Sherlock looks at me in surprise. "Yes. They are."
I grin, swinging my legs back and forth over the several-story drop. "I tend to be right."
"I have my moments as well," Sherlock says, a smirk spreading across his face.
"Enlighten me, my darling Mr. Holmes."
"I was correct in stating that I am you." I can't reply to that, so Sherlock keeps talking. "You killed for no reason, and I killed for a reason. I loved for a reason, and you love for no reason."
"Reasoning has no meaning," we say at the same time, and Sherlock smiles at me.
"If we forget about reason, than aren't we just the same?"
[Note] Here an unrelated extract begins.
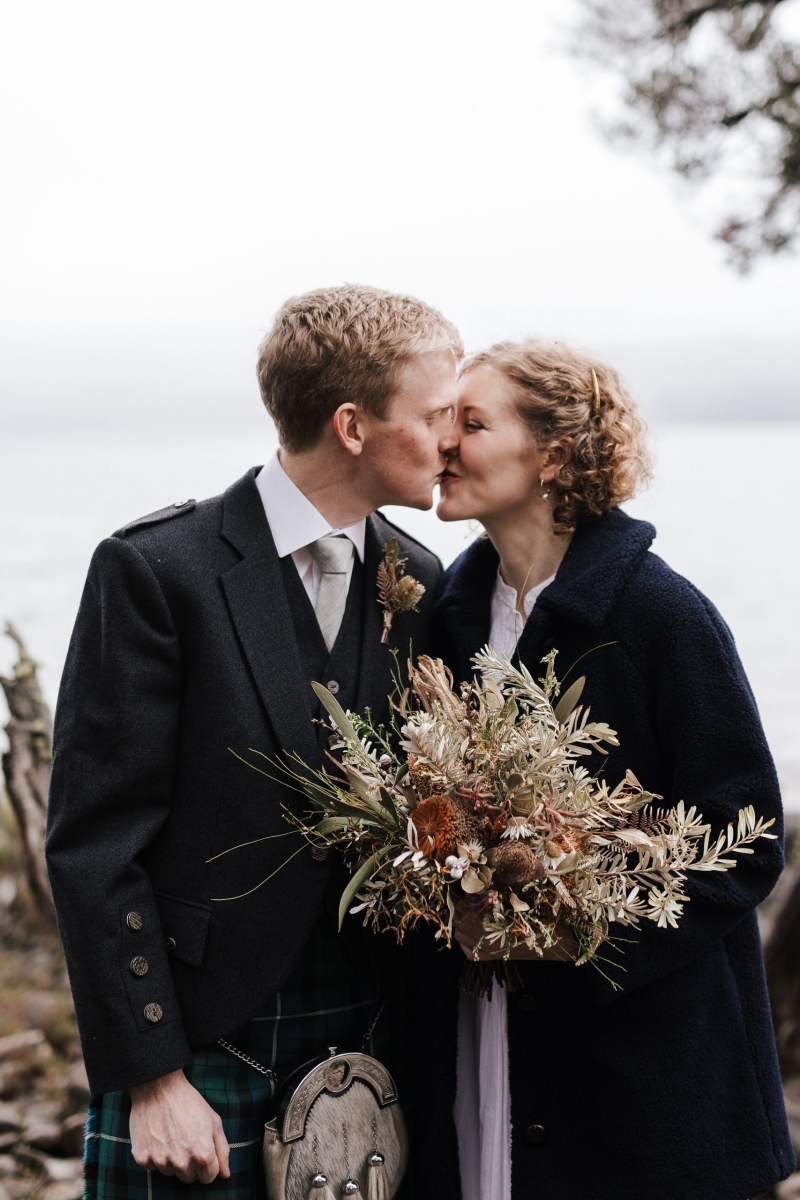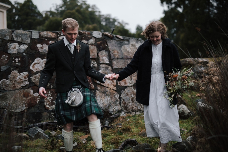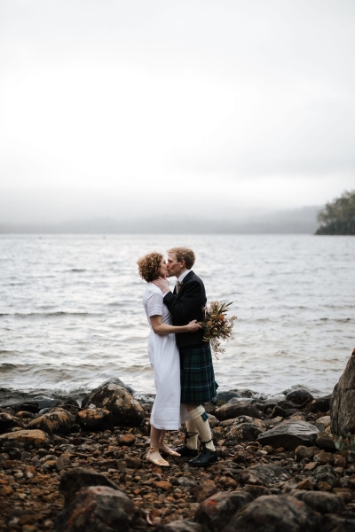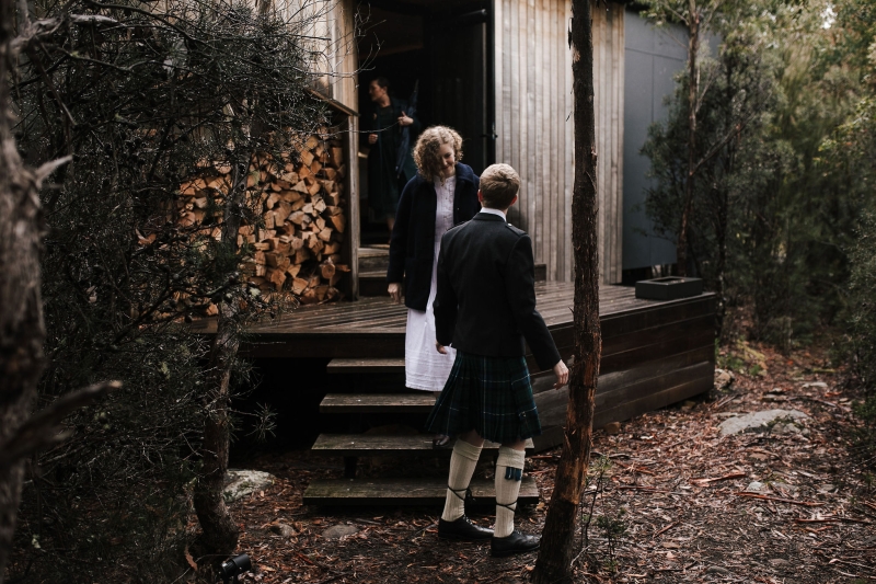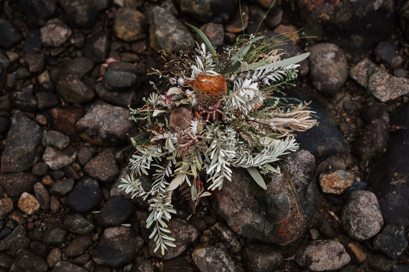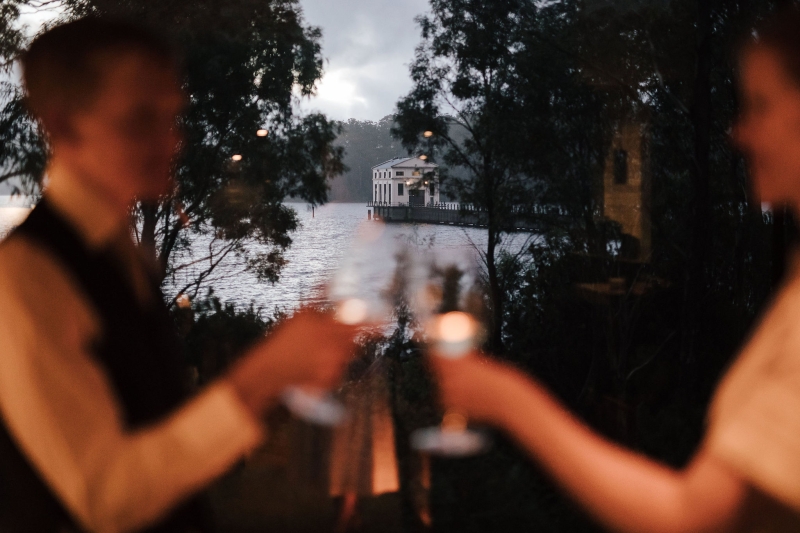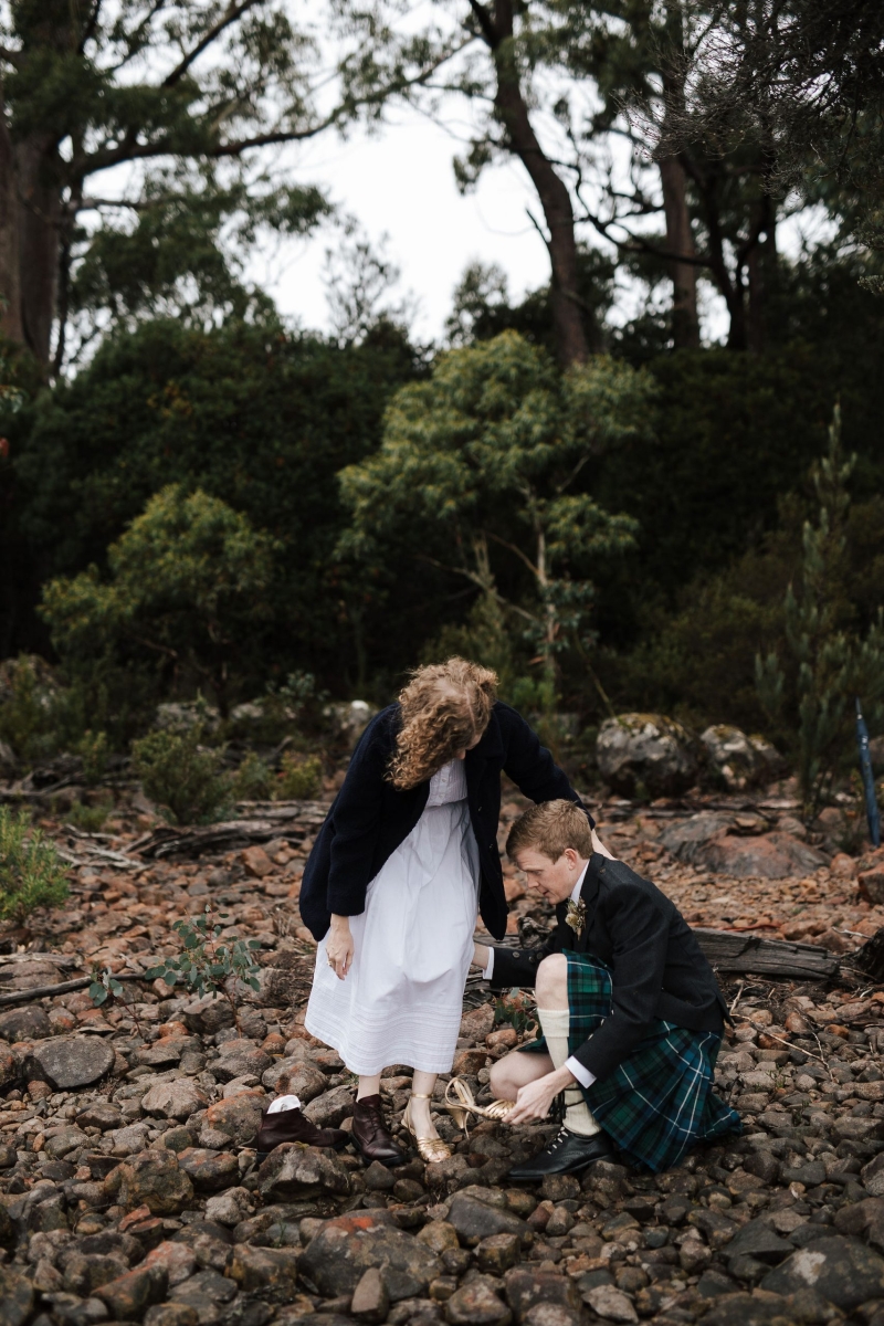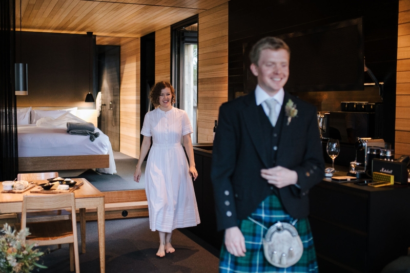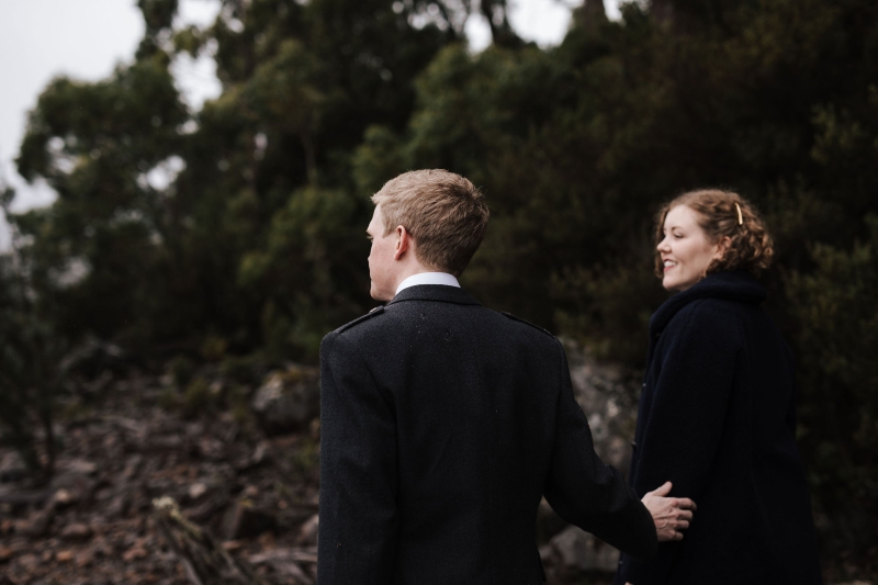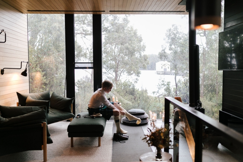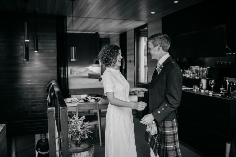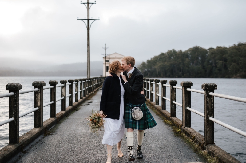 Standing on freezing the shores of leawuleena (palawa for ‘Sleeping Water’) with only the photographer and a hotel staff member as witnesses, Michael donned his family tartan, and Emma stubbornly wore the dress she planned for the summer wedding they had hoped for. They laughed and cried, exchanged the most perfect vows, and shared warming Tasmanian whisky from a traditional Scottish Quaich or “friendship cup” before finally being declared husband and wife.

I think about that. If we were the same all this time... "How does someone say hello to their mirror?"
"How about: 'Hello. It's nice to meet you'?"
I shake my head. "How about: 'Is that a Browning in your pocket, or are you just happy to see me'?"
Sherlock grins back. "Perfect."
We fall silent for a little while. "How are we going to go on?" I ask. "We're both done killing, and we're both done dying. What now?" If I wasn't a villain anymore, and he wasn't a hero anymore, what's left?
"We could always be Sherlock and James, for once. We've never been that before."
I nod. "Nice to meet you, Sherlock."
"Nice to meet you as well, James."
It turns out, all my beliefs about villainy were true, but I will deviate from them, because a hero is the reason I'm happy. But I don't really have to justify myself, do I?